Picture this: you feed ten years of market data into an AI model, hit enter, and watch a seemingly perfect portfolio materialize on your screen — annualized returns of 32%, maximum drawdown under 5%. Your pulse quickens. You think you have cracked the market.

But that was a backtest. Six months after deploying the same model in live markets, your account is down 18%.

This scenario is playing out in not only trading rooms but also living rooms around the world. Over the past two years, the promise of AI-driven investing has been impossible to ignore — feed earnings data into GPT and get trade ideas, use large language models to predict macro trends, watch a quant fund claim 40% annual returns after plugging in AI. The stories are compelling. So is the money flowing toward them.

Beneath the enthusiasm, however, three layers of constraint are quietly taking shape: the limits of the technology itself, the competitive logic of markets, and the stubborn friction of real-world execution. Whether AI can reliably make money for investors is a question far more complicated than any backtest suggests.

Source: Poseidon

I. The AI Investing Myth: Where Did It Come From?

Since ChatGPT burst into the mainstream in 2023, a wave of AI investing mythology has swept through financial media, social platforms and, at times, established institutions. The narrative runs something like this: feed financial statements into GPT and receive actionable trade ideas; use large language models to analyze macro indicators and generate returns that dwarf traditional strategies; watch a quant fund clock 40% annual gains after adopting AI.

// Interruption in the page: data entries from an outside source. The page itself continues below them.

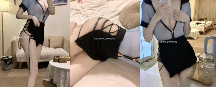 相扑猫蓝黑制服写真震撼全场:深V上衣与修身短裙,透纱材质展现优雅性感曲线(共25张图片)
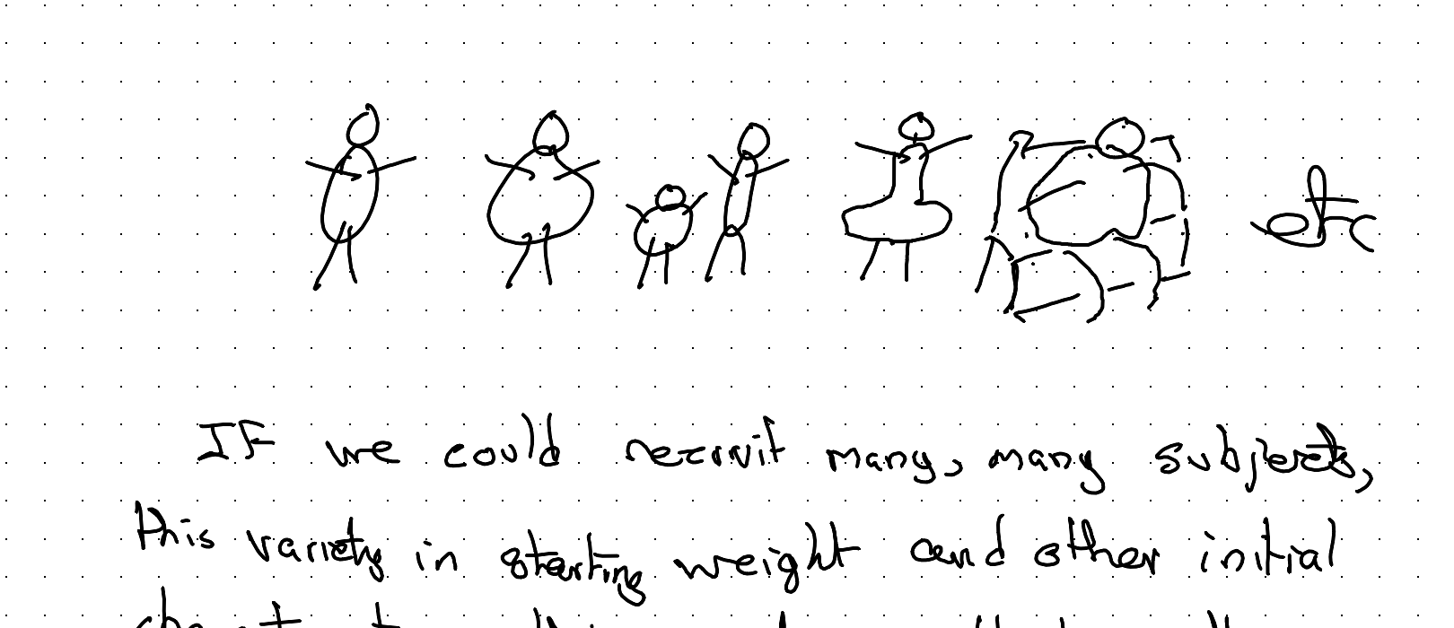 If we could recruit many, many subjects, this variety in starting weight and other initial characteristics, this variety wouldn’t matter too much. We can randomise subjects to Sup A or Sup B, and through the miracles of the randomisation process on average the starting characteristics of subjects in the two arms will be the same.
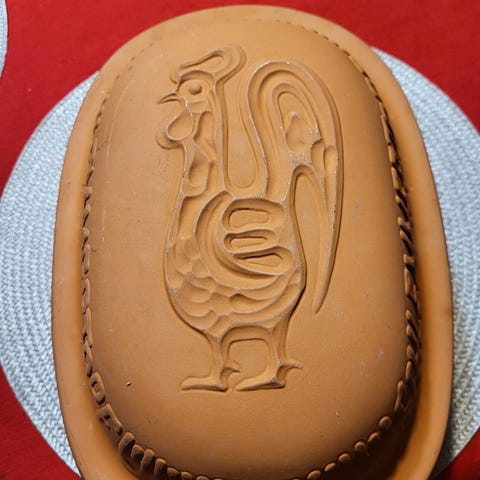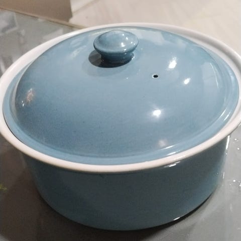Bio Gorrop saviastia kannella. Saviastia on väriltään terrakotta. Astia koostuu kahdesta osasta, kannesta ja pohjaosasta, jotka sopivat yhteen.
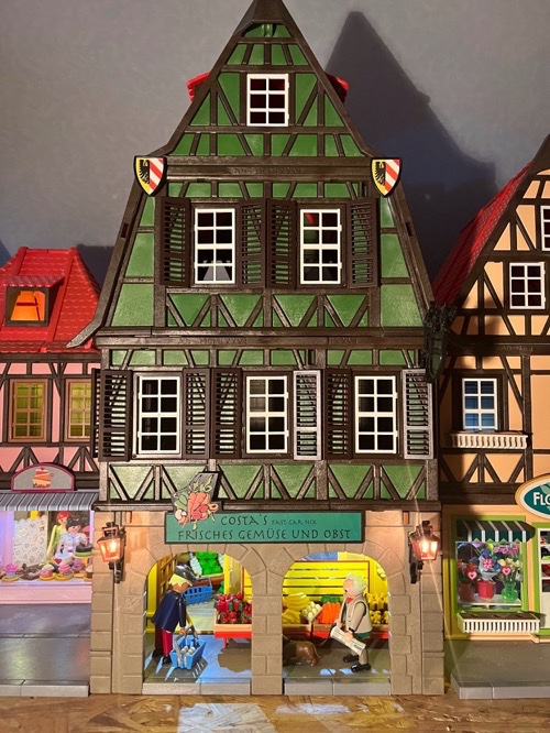 In dem grünen Haus ist ein Gemüse und Obst Händler eingezogen
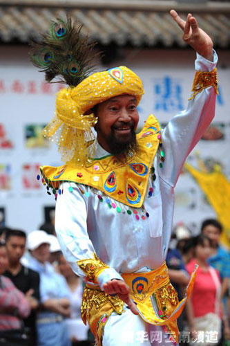 61岁的傣族老人约相为群众表演孔雀舞

These claims are seductive. But trace most of them to their source and a common thread emerges: they rest on backtests, small-scale experiments or conditions that bear little resemblance to the real world.

1.1 The Backtesting Trap

Backtesting — using historical data to assess whether a strategy would have worked — is a cornerstone of quantitative investing. But it carries a fundamental flaw: it is conducted with the benefit of hindsight. When researchers train an AI model on five years of market data and announce a backtested annualized return of 30%, that number says nothing about what the strategy will do going forward.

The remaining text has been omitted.